Galileo, Descartes and Locke divided the physical world into primary and secondary qualities, thus carving out a place for the science of physics (the study of the primary qualities of matter). But they said nothing about the primary and secondary qualities of the mind, in the hope of carving out a place for the science of psychology (the study of the primary qualities of mind). What should we say about this question? The answer is not immediately clear: what would such qualities be? Someone might say that the answer is obvious: since secondary qualities are mental and primary qualities are non-mental, all the qualities of mind are secondary, none primary. The indicated conclusion might then be that there is no science of the mind comparable to physics, on account of a lack of proper subject matter for such a science.

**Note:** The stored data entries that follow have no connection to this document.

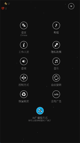 控制飞机的方式包括左右侧边触屏操作、手指触摸操控以及方向键控制这几种!
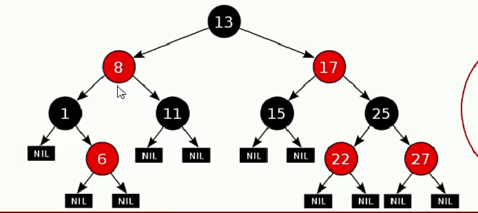 - 如果一个节点没有子节点或者父节点,则该节点相应的指针属性值为Nil,这些Nil视为叶节点,每个叶节点(Nil)是黑色的
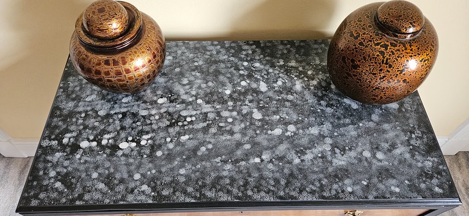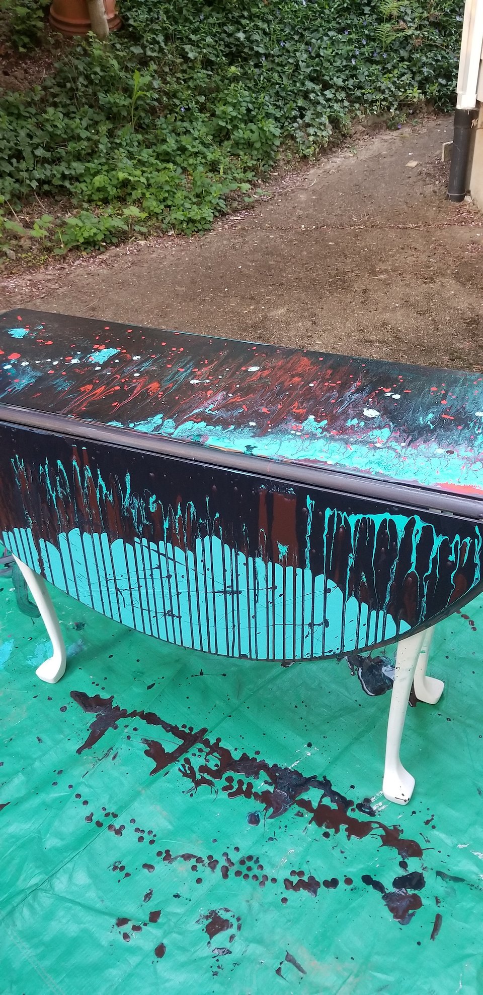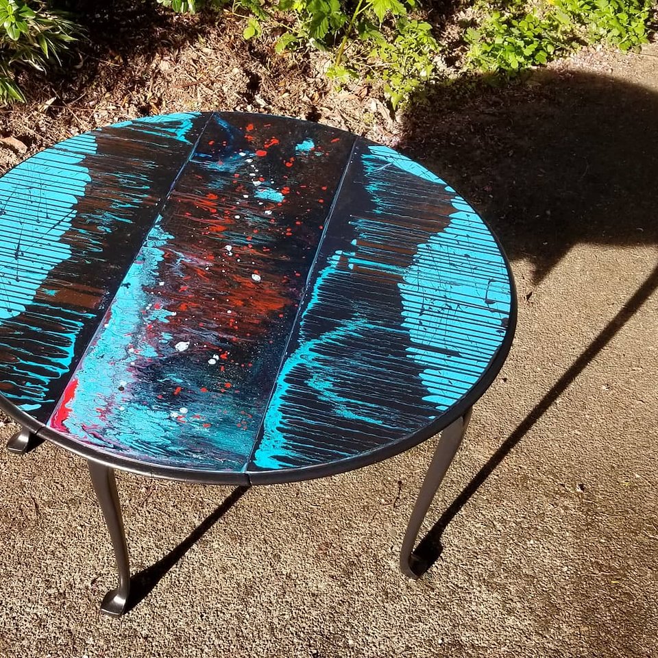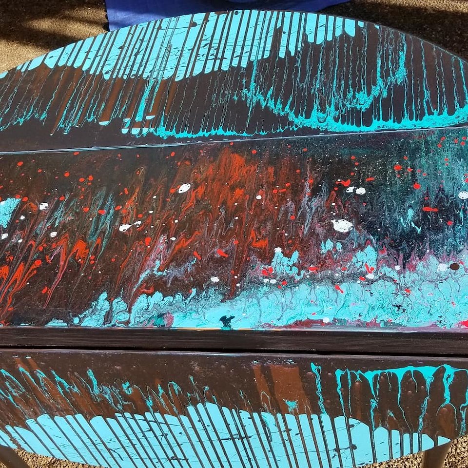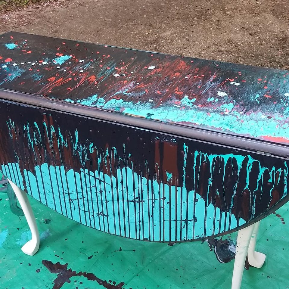 Sanded back then a paint and pour technique used

You can’t make science out of the merely subjective. Alternatively, and less drastically, it might be said that the relevant qualities belong to the body and are simply a special case of the familiar primary qualities of physical things. Bodies have shape, size, weight, number, and motion, so that we can identify bodily behavior as the proper subject matter of the science of psychology. The so-called mental attributes are all secondary qualities and therefore do not belong to the science of the mind, i.e., behavioral science. In either case, what we naively think of as the mind is consigned to the realm of the merely subjective—like color, sound, smell, etc. This realm contains no primary qualities for the simple reason that the mind does not have shape, size, weight, number, and motion—only the body does. Psychology can thus never be the same kind of science as physics (it might confine itself to introspective reports). It’s either behaviorism or nothing.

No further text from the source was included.